By Dietrich Knauth
Jan 12 - The U.S. Supreme Court declined on Monday to hear Hertz's HTZ.O challenge to a lower court ruling finding that it was still on the hook for $270 million in interest payments that it owes to bondholders who were paid off early during the car rental company's 2021 bankruptcy.
Hertz had argued that the debt should not have been reinstated, because U.S. bankruptcy law typically stops interest from accruing after a company files for Chapter 11 protection. The U.S. Solicitor General had recommended against taking the case, as did the bondholders who won the battle in lower courts.

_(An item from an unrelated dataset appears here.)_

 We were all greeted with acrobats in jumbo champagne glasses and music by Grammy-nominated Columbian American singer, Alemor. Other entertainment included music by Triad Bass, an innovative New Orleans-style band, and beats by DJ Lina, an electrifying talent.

Representatives for Hertz and the bondholders did not immediately respond to a request for comment.
Hertz filed for bankruptcy in May 2020 in the midst of the COVID-19 pandemic as shutdowns sharply reduced demand for travel and car rentals. The company’s revenues rebounded after it filed for Chapter 11 protection, and the bankruptcy was an unexpected success for the company's former shareholders, who received $1.1 billion in total value when the company was sold to a group of private equity funds.

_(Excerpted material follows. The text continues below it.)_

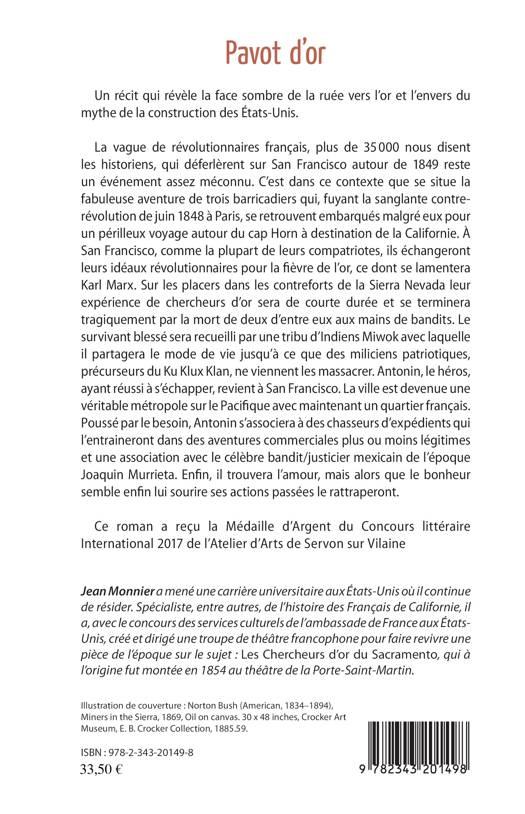 La vague de révolutionnaires français qui déferlèrent sur San Francisco autour de 1849 reste un événement assez méconnu. C'est dans ce contexte que se situe la fabuleuse aventure de trois barricadiers qui, fuyant la sanglante contre-révolution de juin 1848 à Paris, se retrouvent embarqués malgré eux pour un périlleux voyage autour du cap Horn à destination de la Californie. À San Francisco, ils échangeront leurs idéaux révolutionnaires pour la fièvre de l'or. Sur les placers dans les contreforts de la Sierra Nevada leur expérience de chercheurs d'or se terminera tragiquement par la mort de deux d'entre eux. Antonin, blessé, sera recueilli par une tribu d'Indiens Miwok. Ce roman a reçu la Médaille d'Argent du Concours littéraire International 2017 de l'Atelier d'Arts de Servon sur Vilaine.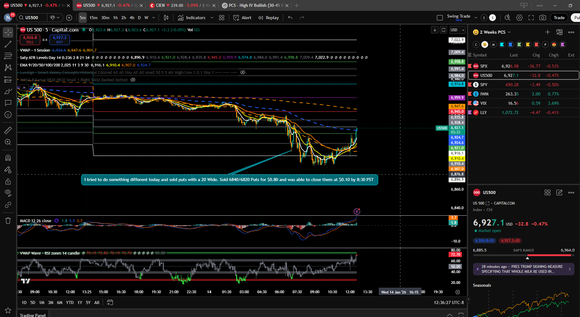 Today was a test day. I wanted to sell one standard deviation(SD) from the opening price. The 1SD was 6830 so I sold 6840/6820 for $0.80. Had a stop loss for double that amount. This trade worked out really well so I might do this more often if I see the opportunity to sell around the 1SD area for some nice premium. I noticed that although you got less premium. Theta decayed much faster and fast price spikes did not inflate premium that much and I was able to be a bit more patient. Obviously this setup is very risky if you are going against the trend, but if you targeting the SD strikes you should relatively be safe.

A group of Hertz’s bondholders appealed a court ruling that approved the company’s bankruptcy, arguing that the payout to equity holders improperly came at the expense of bondholders, who were repaid a total $2.7 billion in Hertz’s bankruptcy.

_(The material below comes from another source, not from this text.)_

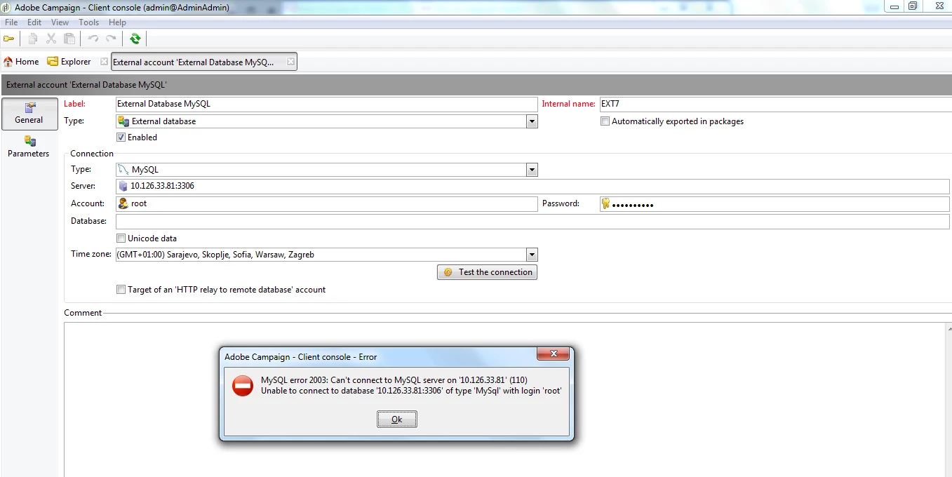 1. This error message appears when I try to connect to remote host, I worked on Windows 7. I set setting in Administration->Platform->External accounts and when I try to connect I get error message:

A 2-1 panel of the 3rd U.S. Circuit Court of Appeals in 2024 ruled in the bondholders' favor, putting Hertz back on the hook for additional interest costs that had been discharged by the bankruptcy court.
Hertz’s credit agreements allowed bondholders to claim “make whole” payments if the debt was repaid early, to compensate them for the loss of expected interest payments. Those “make whole” payments would have amounted to $270 million if Hertz had repaid its bonds in 2021 without filing for bankruptcy.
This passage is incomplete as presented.